The microwave containment chamber 20 has an interior diameter D, an
interior height H, and a load height h. The diameter D is the diameter of
a cross-section perpendicular to the longitudinal axis z of the cavity, as
may best be seen in FIG. 10. The height H is the distance between the top
wall 24 and the bottom wall 26, and is to be understood that H is the
"effective" height in the event the top or bottom wall is non-planar. The
load height h is the distance from the top wall 24 to the load 80.

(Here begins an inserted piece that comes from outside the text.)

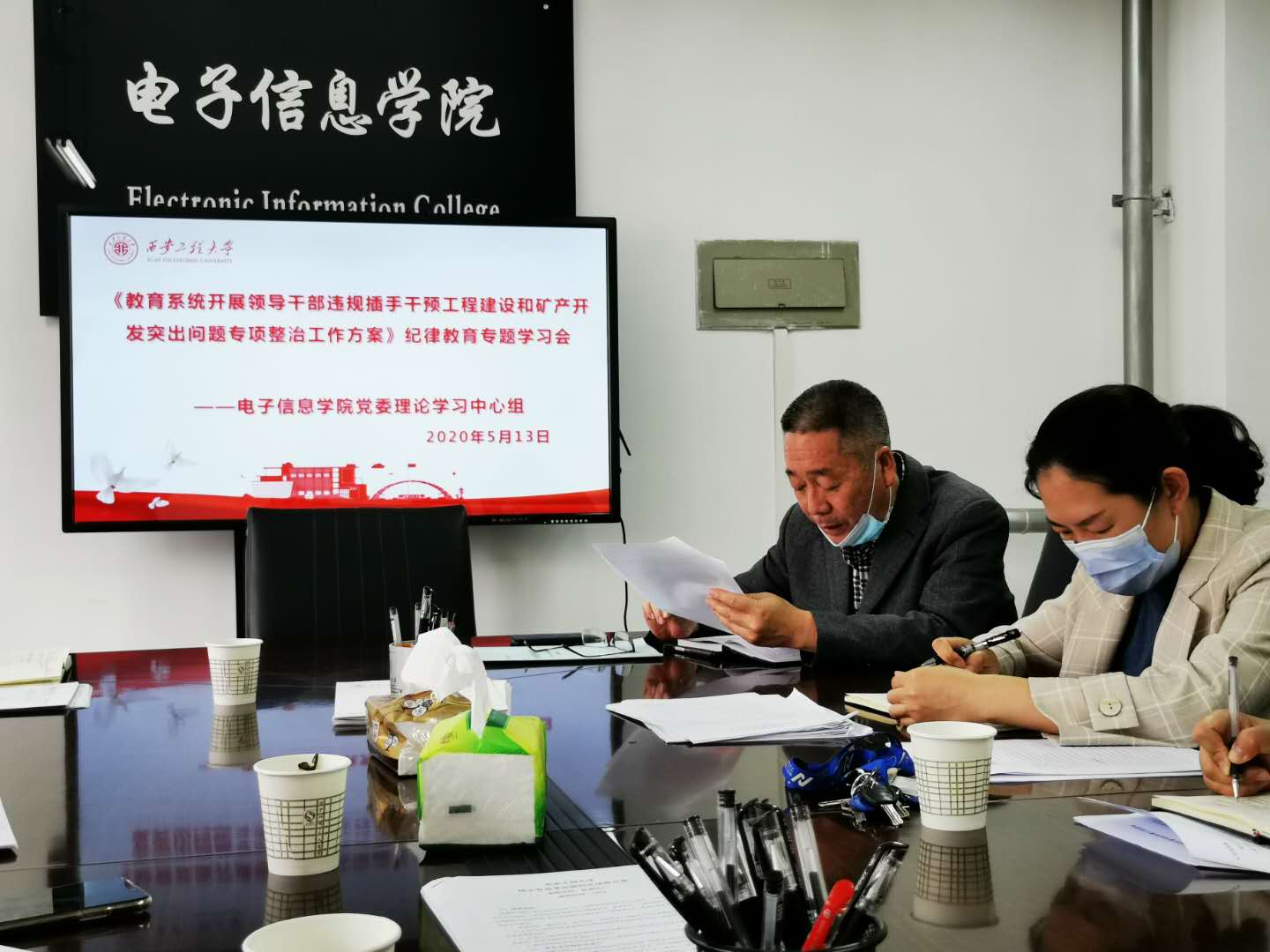 为贯彻落实党要管党、全面从严治党要求,5月13日下午,在临潼校区电信楼414会议室,电子信息学院党委理论学习中心组召开纪律专题学习会,传达学习《教育系统开展领导干部违规插手干预工程建设和矿产开发突出问题专项整治工作方案》。会议由学院党委书记杨恩科主持,学院党委理论学习中心组全体成员参加了会议。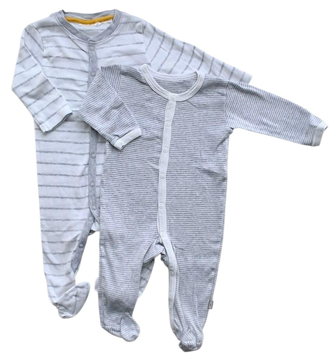 808 to lysegrå langærmede natdragter str. 62. Den ene er af ukendt mærke og den anden fra 808. Begge har fødder og trykknapper fra hals til fod/knæ.

Referring now again to FIGS. 1-4, the side wall 22 and the chamber 20 form
a right circular cylinder. In other embodiments, the side wall 24 can have
a cross section normal to the longitudinal axis z shaped as other closed
plane curves or as a higher-order polygon, i.e., a polygon having five or
more sides. It is to be understood that such a polygonal embodiment must
approximate a circle to some degree to obtain certain benefits of the
present invention. Furthermore, it is also to be understood that if a
polygon is chosen for the cross section of applicator, a regular polygon
(i.e., one with equal sides) is preferred, although it is possible to
obtain certain benefits of the present invention with an asymmetrical
polygon as well.
Containment chamber 20 has a load-insertion opening 28 in the side wall 22.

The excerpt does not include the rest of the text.